TX files

Started by digitalguru, July 27, 2021, 04:58:12 PM

Previous topic - Next topic

digitalguru

I discovered by accident that Terragen reads .tx image files (generated in Maya/Arnold from .png)

Does that mean Terragen can take advantage of .tx files that are mipmapped for memory management?

WAS

Isn't .tx just an arbitrary format? It holds the data for either JPG/PNG/BMP/EXR/TIFF with their respective format headers? So Terragen is just reading a "PNG" image for example.

Similar to if you renamed image.jpeg to image.notaimage it's still going to look for the appropriate header information, which is JPEG, and load that info.

digitalguru

#2
Quote from: WAS on July 27, 2021, 07:18:47 PMIsn't .tx just an arbitrary format? It holds the data for either JPG/PNG/BMP/EXR/TIFF with their respective format headers? So Terragen is just reading a "PNG" image for example.

Similar to if you renamed image.jpeg to image.notaimage it's still going to look for the appropriate header information, which is JPEG, and load that info.
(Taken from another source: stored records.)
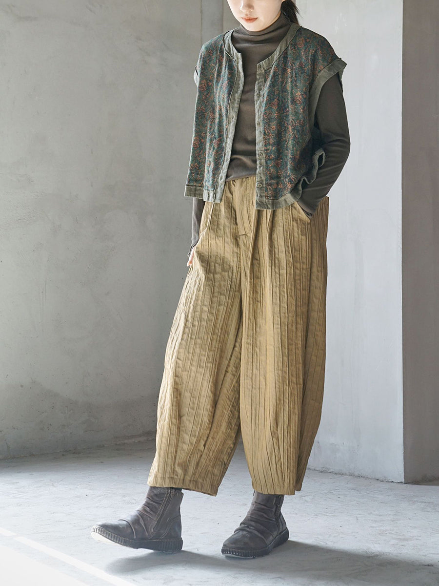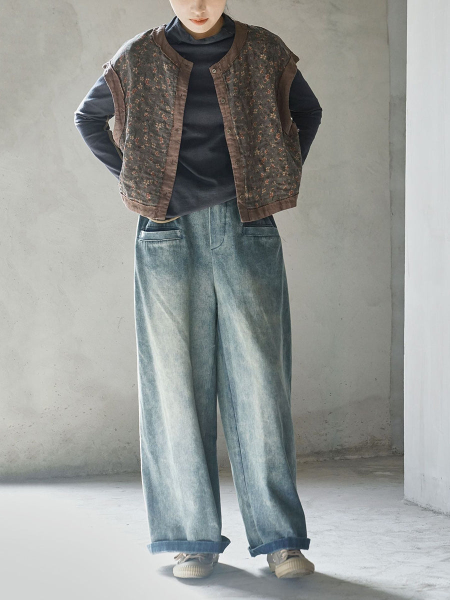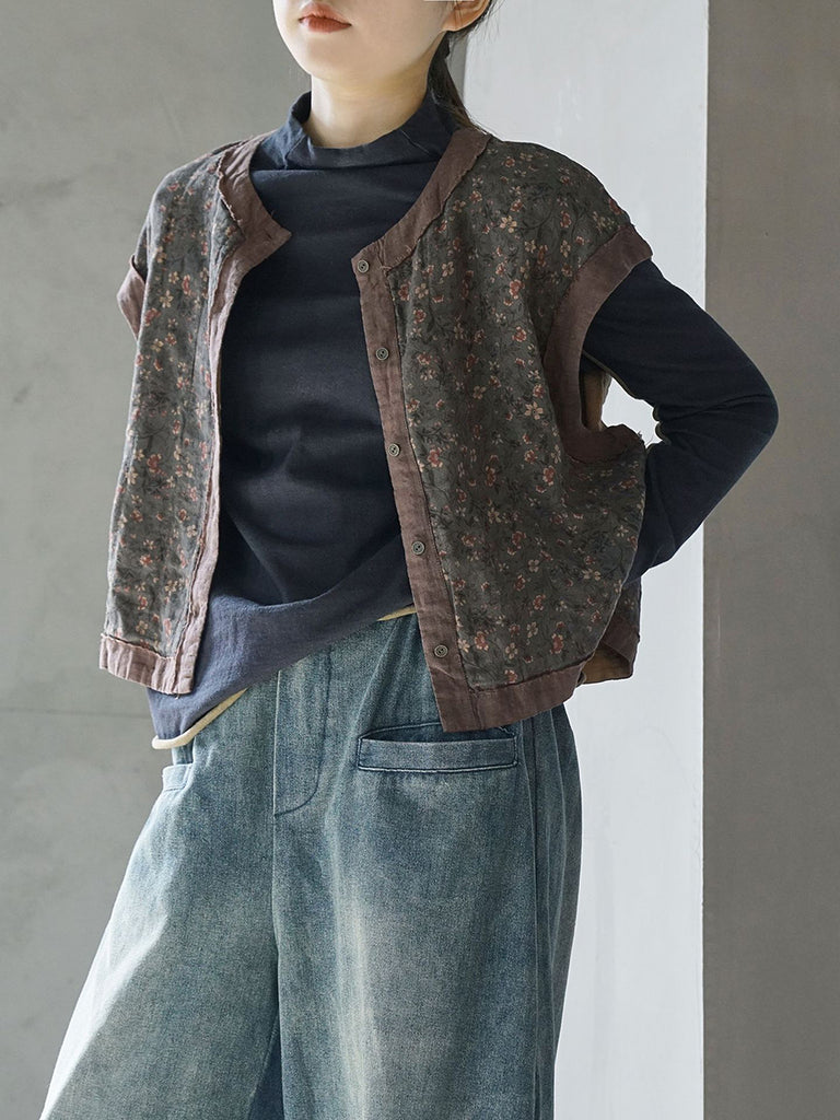 Chaleco de algodón de primavera con empalme floral vintage para mujer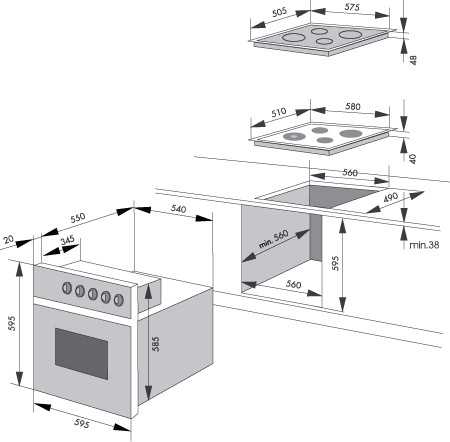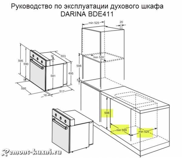 Найденные данные вызывали явное сомнение. Так и оказалось. Я нашел родную инструкцию PDF об эксплуатации выбранной мною духовки. Оказалось, что данная модель может вписаться (встроится в нишу с минимальными размерами 555×525×598 (Ш×Г×В), а фасадная панель имеет размеры 595×595 мм.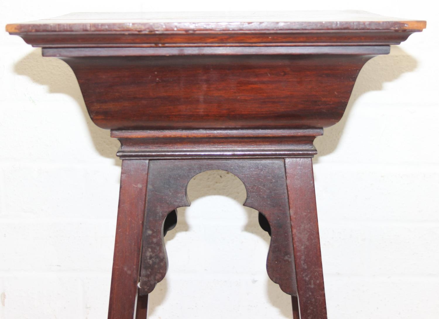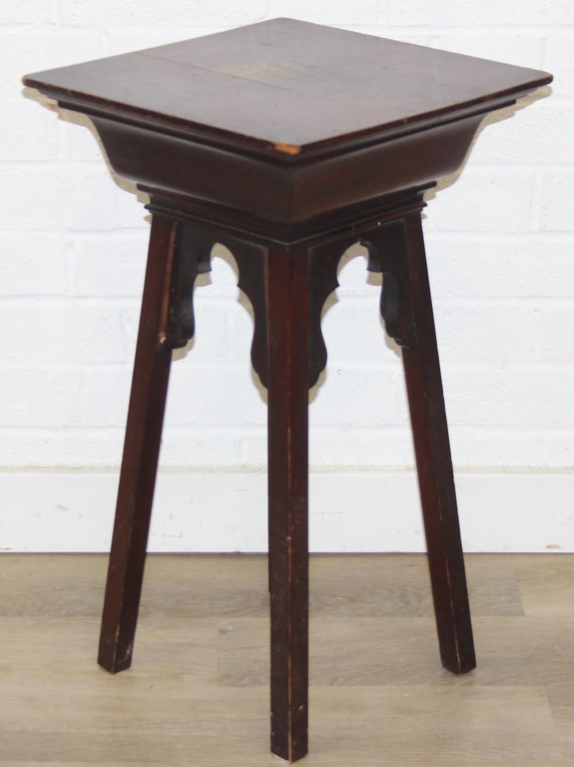 Unusual mahogany side table or plant stand dating from the turn of the 20th century, Liberty of London style, 35cm x 35cm x 61cm

You're absolutely right, but the conversion to .tx also mip-maps the texture - so it stores decreasing levels of resolution by powers of two - so when rendered an DCC renderer (Arnold for instance) can pick a lower rez version of the texture depending on the distance from the camera - textures then load faster and take up less memory. This could be very useful for populations for instance.
I'm tending to think Terragen doesn't do this or it might be listed as a feature. It may be that Terragen has other methods of managing texture memory that might exclude this being useful.

I'm currently writing an app that (amongst other things) converts Maya shaders to the Terragen default shader - if there is no advantage to keeping the .tx file attached to a shader, then I'll include a function to hunt for the original file the .tx was converted from (as keeping a .tx raises other issues)

Matt

At the moment (Terragen 4.5) we don't have dedicated support for .tx files. I wasn't aware that Terragen could load them. Maybe they are handled by the FreeImage library that we use. If that's true, mipmapping would be ignored and the tiled memory layout would be lost when converting to our internal texture representation which is currently flat. But perhaps it would be useful to do some benchmarks on very large files to see if there are other advantages to .tx over other formats.
Just because milk is white doesn't mean that clouds are made of milk.

digitalguru

Thanks Matt, that's good to know.

That's not a problem, if a .tx was passed to Terragen it would almost certainly be linearised and I just want to pipe it into a Default Shader. If there was a performance gain from loading the .tx - it would be worth setting up an image map shader to keep the color .tx maps linear.

Easier to just find the original sRGB file instead, which was the original plan.